Hanwha Aerospace headquarters in Seongnam, Gyeonggi./Courtesy of News1

As a large-scale capital increase is underway, Hanwha Aerospace, along with Hanwha Group stocks, is showing weakness.

As of 9:02 a.m. on the 21st, Hanwha Aerospace is trading at 627,000 won, down 13.30% from the previous day.

The previous day, Hanwha Aerospace announced a capital increase worth 3.6 trillion won. The company explained that two-thirds would be used to acquire securities from other companies, while the remaining one-third would be allocated to facility funds. Analysts predict investments in overseas defense (1.6 trillion won), domestic defense (900 billion won), overseas shipbuilding (800 billion won), and drone engines (300 billion won).

However, it seems that the investors' empathy has not been achieved. This is because the company could have pursued other funding methods, such as using its operating profit. Last year, Hanwha Aerospace's consolidated operating profit was 1.7 trillion won.

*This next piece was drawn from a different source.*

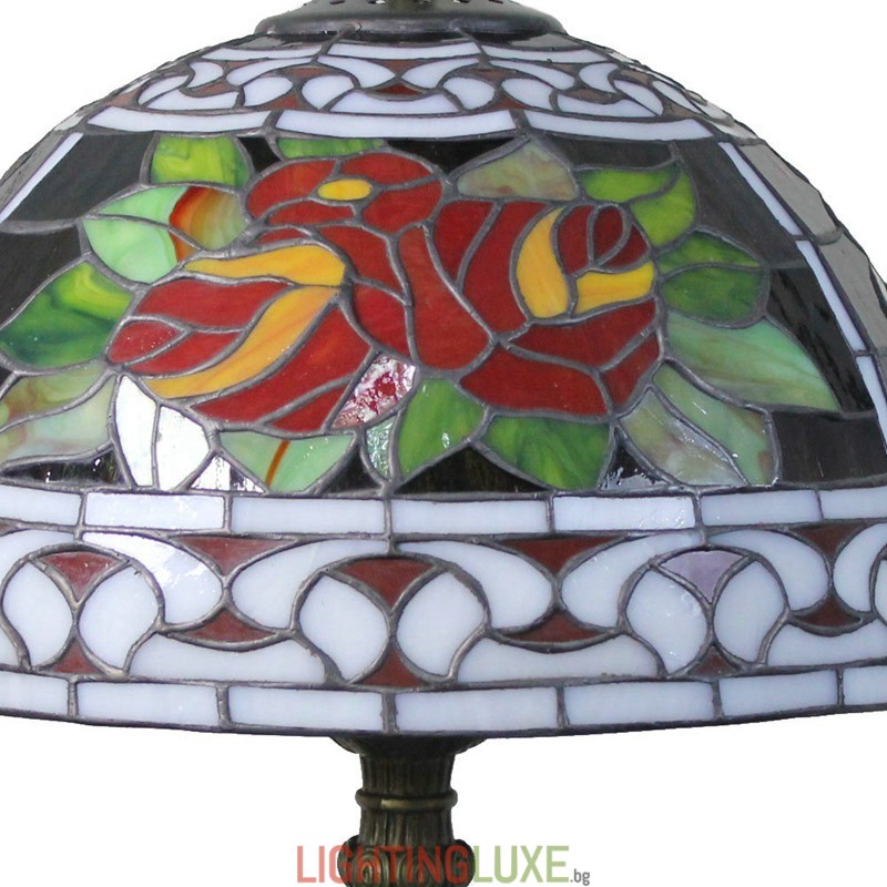 Ръчно изработена винтидж 12-инчова пасторална ретро настолна лампа Тифани с абажур с мотив на червена роза

The market also appears to be considering the possibility of investment failure by Hanwha Aerospace. In 2019, Hanwha Aerospace and Hanwha System invested about 140 billion won in Overair, a U.S. company making urban air mobility (UAM) vehicles. However, Overair failed to obtain certification from the U.S. Federal Aviation Administration (FAA), resulting in a loss of the investment last year.

Hanwha Group stocks are overall down due to the large-scale capital increase by Hanwha Aerospace. Hanwha fell 10.42% from the previous day, while Hanwha System dropped 7.47%, Hanwha Engine 5.17%, and Hanwha Ocean 3.07%.

Meanwhile, Hanwha Aerospace announced that the new shares resulting from the capital increase will be listed on June 24. Currently, the Financial Supervisory Service (FSS) is reviewing the securities registration statement related to the company's capital increase. If the FSS does not request a correction to Hanwha Aerospace's securities registration statement by the 3rd of next month, the capital increase will proceed as planned.